CHA chief executive Martin Laverty said there was growing concern that not-for-profit organisations operating in this and other sectors would be forced to cut services as a result of an emissions trading scheme.

CHA manages about 9500 hospital beds, 19,000 aged-care beds and 6000 retirement units, and would face an increase in its energy bill of about $10 million a year at a starting price of $20 a tonne for CO2.

In CHA's submission to the Government's green paper, it has recommended all commonwealth or state healthcare funding mechanisms be indexed to compensate for the flow-on effects of a carbon price. "You must factor in a cap and trade indexation component of funding to aged care and public hospitals and private hospitals so the healthcare and aged-care sectors in Australia can play their role and not be a roadblock to climate change," Mr Laverty said yesterday.

"Any service provided by federal or local government operated by not-for-profit organisations will be in exactly the same boat. "I am concerned the green paper spent a long time arguing the science. What it should have done is look at the proper structural impacts across the entire economy, and given the start of the solution."

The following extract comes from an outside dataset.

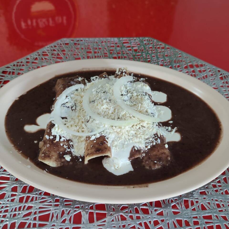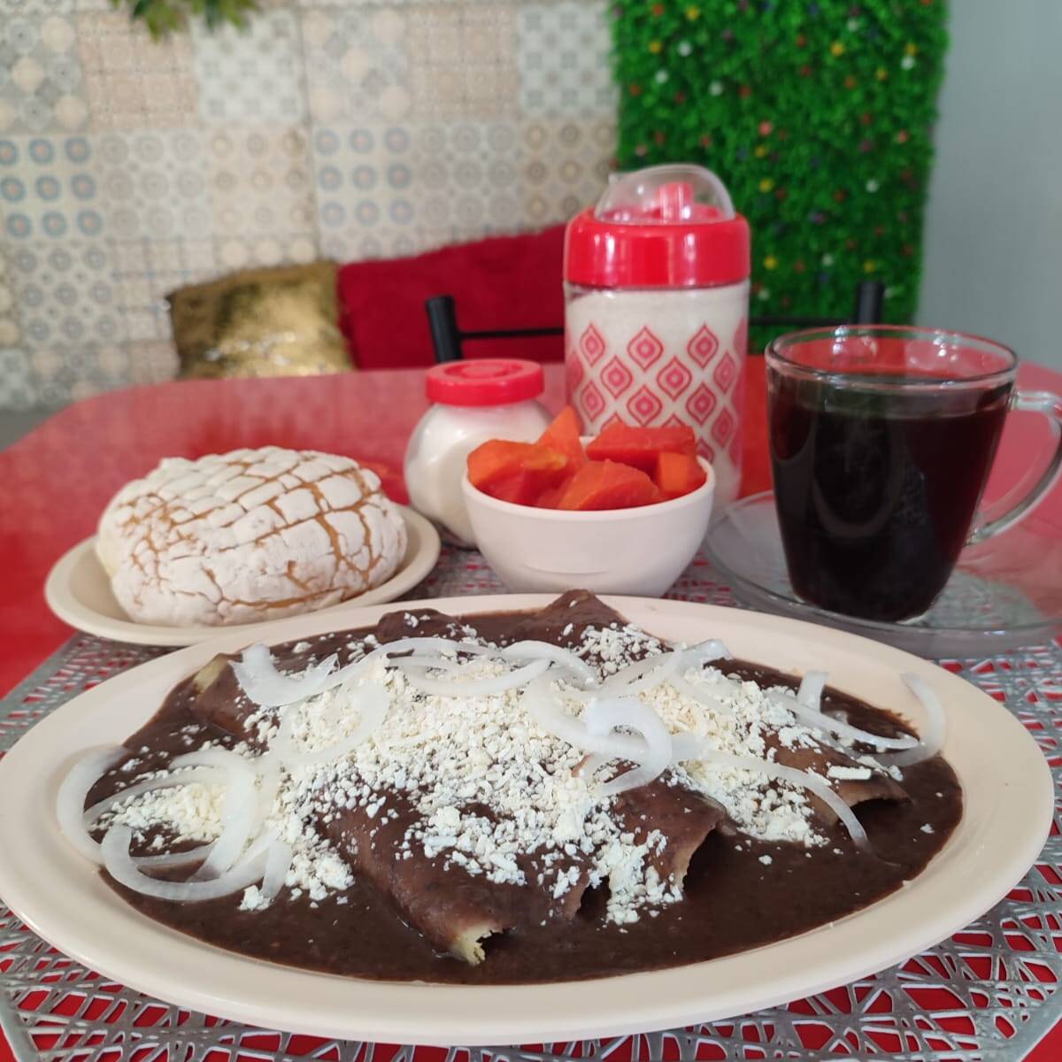 Deliciosas enfrijoladas rellenas (4 piezas). Incluye café, fruta y pan dulce.

A coalition of civil society, representing unions, charities, churches and environment groups, yesterday called on the Rudd Government to spend up to half of all revenue from the sale of permits to assist households and vulnerable communities to cut energy consumption and adapt to higher prices. A research paper by left-wing think tank the Australia Institute has warned that the community sector has been overlooked for compensation payments, and could face increased costs in excess of $822 million under the scheme.

A spokeswoman for Climate Change Minister Penny Wong said the Rudd Government welcomed constructive feedback from the not-for-profit sector. The Government is plannning to finalise the design of the national emissions trading scheme by December.